Беспощадно обличая правительство большевиков за преступления против нравственного закона, Патриарх Тихон обличал подобные нарушения и со стороны белого движения. Идеологи белого движения, не сумевшие выработать единую конструктивную программу, которая привлекла бы на их сторону большинство народа, все более склонялись к программе негативной: не к борьбе за что-то, а к борьбе против чего-то. И это "что-то", придававшее осмысленность их делу, объяснявшее неожиданные, поразительные успехи большевиков в борьбе за народную душу – для многих приобретало черты мифического "еврейского" или жидо-масонского" заговора, с помощью которого объяснялись все исторические беды христианства, если не всего человечества. В качестве примера приведем высказывания кн. Н.Д. Жевахова, одно время бывшего помощником Обер-прокурора:

"С момента низведения Божественной Истины на землю, вся история человечества свелась, в сущности, к истории борьбы двух мировых процессов - процесса христианизации мира и процесса его сатанизации, или ожидовления"; необходимо "идейно разоблачить" "грандиозный подлог, учиненный жидовскими книжниками 2.500 лет назад" (имеется в виду "откровение Ягве через полулегендарного Моисея"); необходимо "очистить христианство от жидовских наслоений"; "Иисус высший добрый дух", "Спаситель мира от еврейской лжи", "Он смело разоблачил еврейского бога, сказав: ваш отец диавол"; революции "массовые ритуальные убийства христианских народов"; "главная жизненная, творческая сила человечества национальная индивидуальность"; необходимо "противопоставить интернационалу жидовскому Интернационал Христианский" и т. д. в том же духе  (Н.Д. Жевахов, Воспоминания  т. 1, Мюнхен 1923;  т. 2, Новый Сад  1928).

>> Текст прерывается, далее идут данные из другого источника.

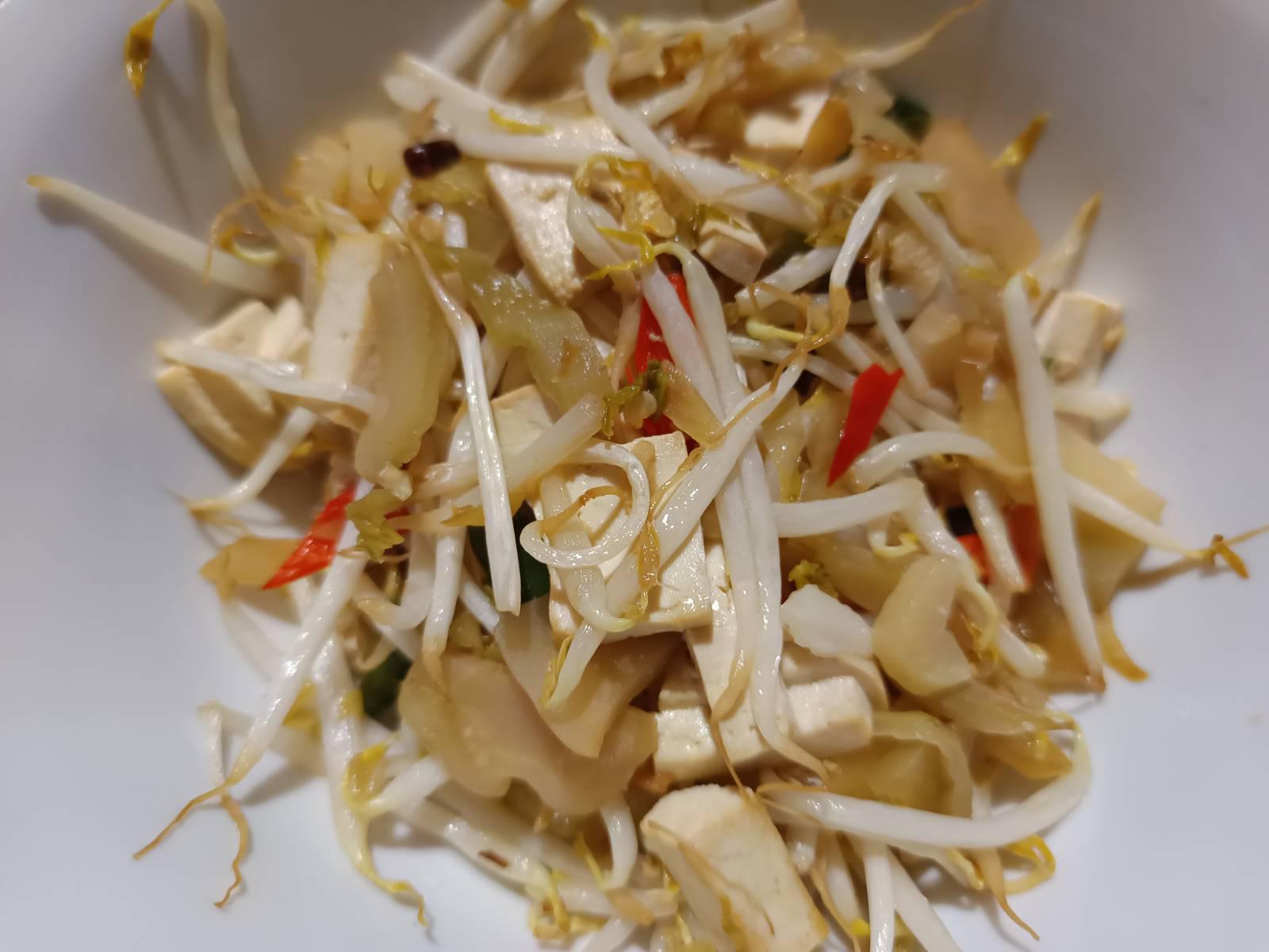 ผัดถั่วงอกกับเต้าหู้เห็ดหอมก่อน ตามสูตรผัดเต้าหู้ที่เคยทำ

Этот "образ врага", насыщенный заимствованиями из древнего гностицизма и манихейства, в России начал складываться в правящих кругах,  в том числе и церковных, сопротивлявшихся освободительным реформам Александра II. Окончательно концепция "всемирно-исторического заговора против христианских государств, возглавляемого евреями", сложилась в период проведения  Александром III политики "русификации окраин" – политики, превратившей  Империю в ненавистную "тюрьму народов" для населения этих "окраин" и тем самым сделавшей неизбежным рас пад этой Империи.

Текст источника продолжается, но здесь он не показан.